In the fall of 2014, nearly six million students were enrolled in an online course at degree-granting postsecondary institutions (U.S. Department of Education). A 2016 study showed 28% of higher education students—about one in four—were enrolled in at least one online course (EdTech, 2016). Paradoxically, the latter study also revealed faculty confidence in online courses had decreased, with only 29.1% of chief academic officers surveyed reporting their faculty accepting the “value and legitimacy of online education” (EdTech, 2016). On the other hand, sites like iMod EDUCATION claim “it is predicted” that by 2019 at least 50% of all classes will be delivered online (iMod Education, 2016). Granted, iMod Education has a vested interest in seeing the number of online classes increase, and the organization fails to cite a source for that statistic, but the same trend is echoed by a somewhat more neutral source, BestColleges.com. BestColleges.com (2017) reports online education seeing a steady increase in 2017, but cautions that as students are presented with more choices from more institutions, the competition for those students is also increasing. Furthermore, the BestColleges report corroborates the sense that faculty support for online delivery remains a challenge. Even among the ranks of faculty who are not enthusiastic about online education, few would argue online education is not here to stay. Therefore, it is pertinent to consider why so many faculty have reservations.
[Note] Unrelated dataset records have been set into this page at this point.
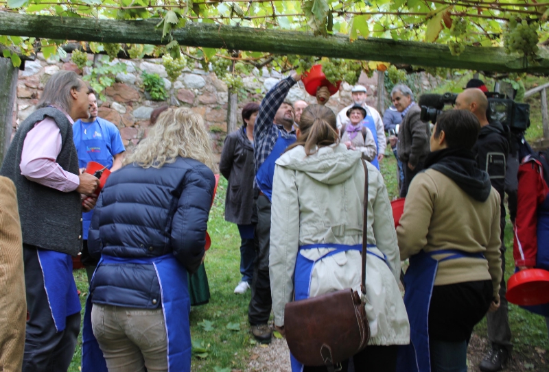 LPA - Zur festlichen Weinlese bei der größten und wohl auch ältesten Rebe der Welt, der "Versoaln", war heute (15. Oktober) beim Schloss Katzenzungen in Prissian geladen worden: Unter der Federführung des Heimatpflegevereins Tisens und mit Hilfe der Gärten von Schloss Trauttmansdorff und des Versuchszentrums Laimburg wurde gewimmt, verkostet und gefeiert.
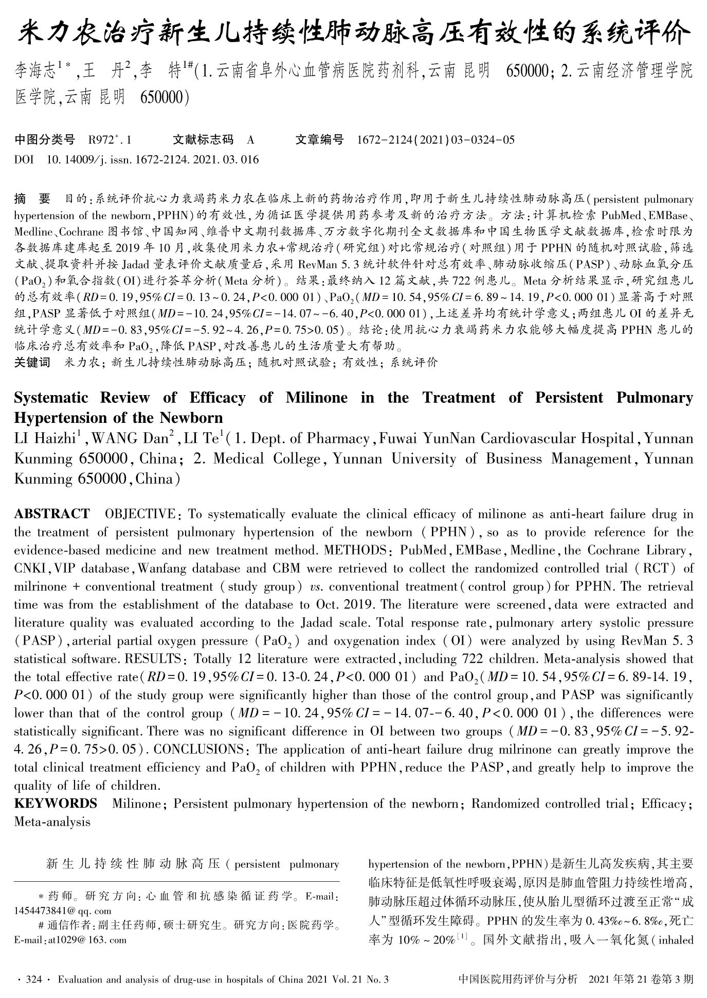 米力农治疗新生儿持续性肺动脉高压有效性的系统评价
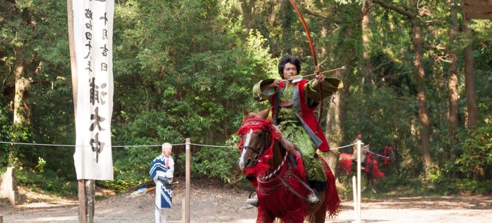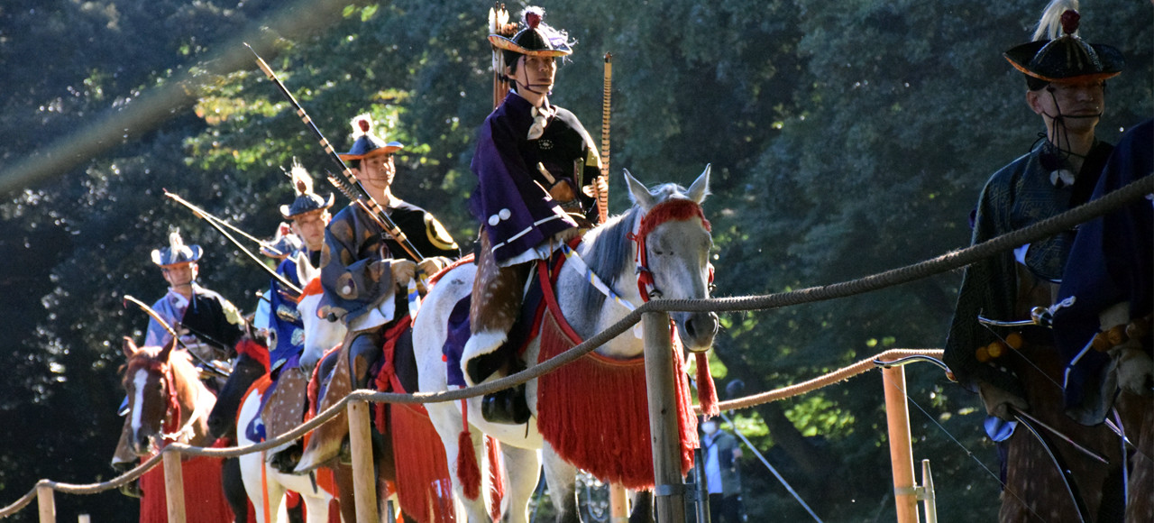 Um dos samurais de Minamoto, chamado Nasu no Yoichi, aceitou o desafio. Ele foi para o mar com o seu cavalo e trespassou o leque com uma flecha. Nasu ganhou muita fama e sua habilidade ainda é lembrada e comemorada hoje em dia. Durante o período Kamakura (1192 – 1334), o tiro com arco montado foi usado como um exercício de treinamento militar para os samurais. Aqueles arqueiros que não demonstraram capacidade suficiente poderiam ser induzidos a realizar o seppuku (suicídio ritual).
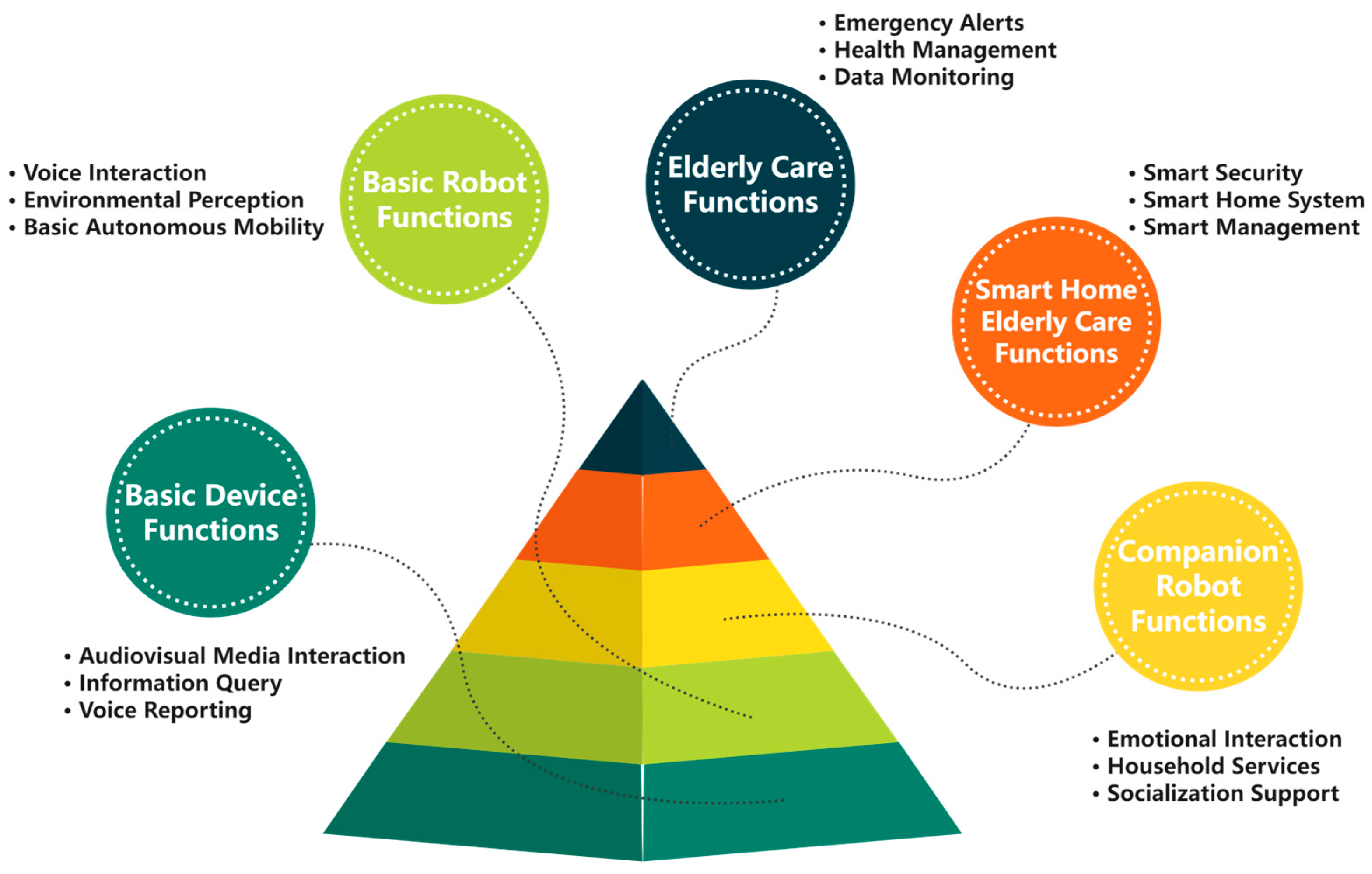 - The third tier consists of elderly care functions, focusing on core safety and health needs by providing limited-scope health management services such as fall detection, emergency alerts, physiological monitoring, and medication reminders [10].

Some of those reservations may stem from the fact that many faculty have never been a student in an online course, nor have they received sufficient training in online techniques and methodologies (Palloff & Pratt, 2011). This may account for faculty dissatisfaction—it is difficult to get behind something one has never had the opportunity to truly use or understand. Many faculty may eschew unmet outcomes rather than any substantial debate. For example, much concern is levied regarding in-group homogeneity (Sunstein, 2001) and echo chambers (Edwards, 2015) resulting in the failure of students to work toward more informed positions or even a change of position through vigorous presentation of information supported with solid evidence. It is easy to blame the online platform rather than recognize that techniques used in face-to-face instruction may need to be adjusted to better suit the online environment.
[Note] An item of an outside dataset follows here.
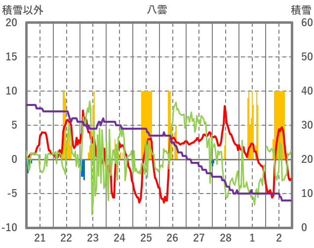 | 日 | 時 | 気温 | 降水 | 風向/風速 | 日照 | 積雪 | 降雪 |
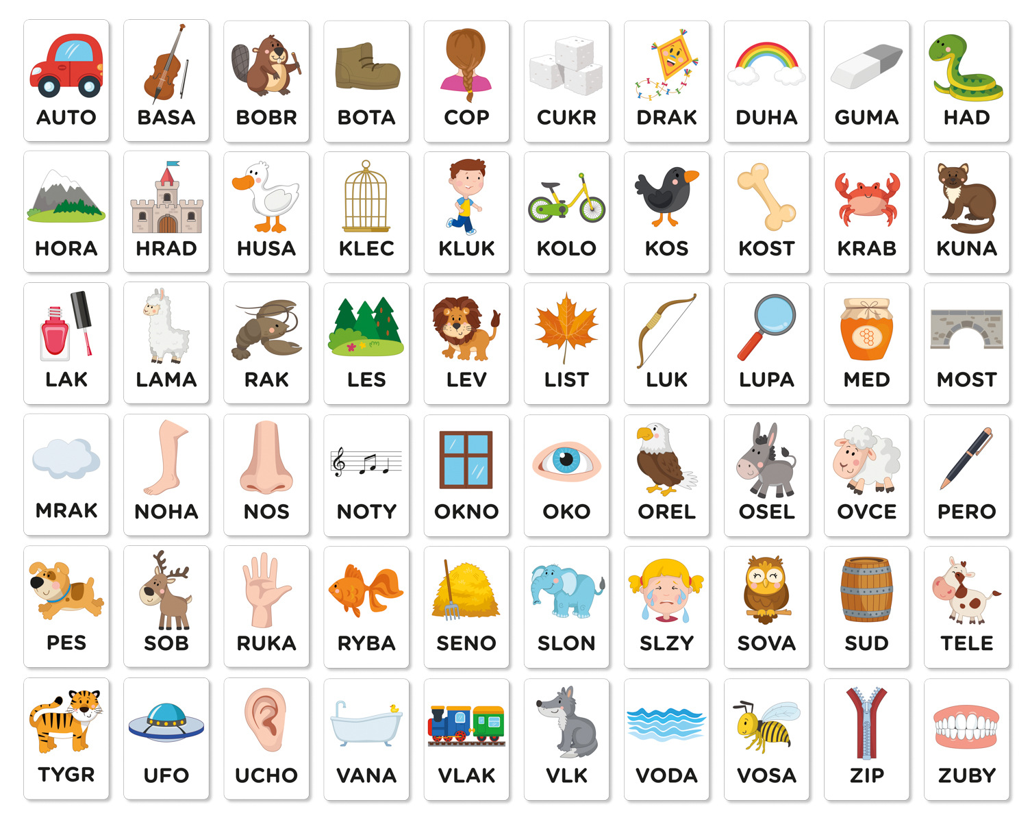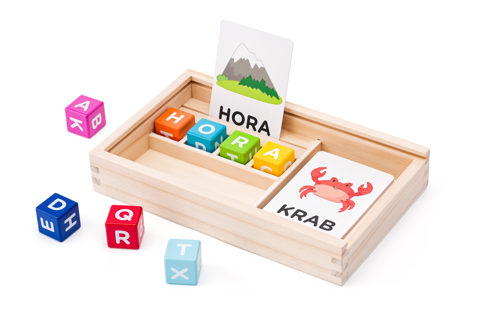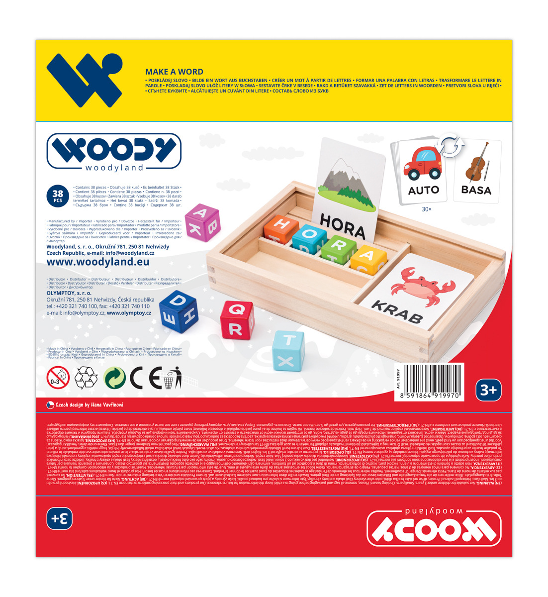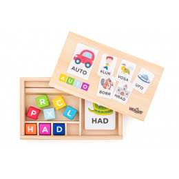Tato hra patří mezi první formy smysluplného poznávání písmen a skládání slov. Dítě si vybere obrázek s krátkým názvem a zasune ho do stojánku. Na barevných kostičkách se pak snaží najít jednotlivá písmena a správně je poskládat. Hračka je dílem českého výtvarníka.| Rozměr výrobku: 23 x 14 x 3,9 cm

At least anecdotally, the most substantial faculty frustration and dissatisfaction may be in the discussion forum. While the discussion forum has been a backbone of online courses, it is quite possibly one of the most poorly-used tools in online education. Not only do faculty see unmet learning outcomes with discussions, students also quickly grow bored with the standard “one post and two responses” format to which many course designers used as design defaults in early course iterations. However, more importantly, the “one post and two responses” structure is not actual discussion. Instead, students dutifully make their first post, and may even write deeply and thoughtfully in their two responses. But, after that point they have fulfilled the requirements and are “done” with the assignment—just as the “discussion” is taking shape and ideas are starting to circulate and move into the meta-cognitive learning stage as described in the early writings of Henri (see Havard, Du, & Olinzock, 2005, p. 1154).

Online education has been mainstream for long enough now that it is time to re-evaluate the discussion forum, specific to online music courses. As such, this chapter will highlight 21st century learning theories and best practices, and address the challenges and opportunities that have been revealed in the last decade or more of online learning. Application will focus on the discussion forum in so-called academic music, specifically music history. The chapter will conclude with a “toolbox” of discussion forum activity ideas.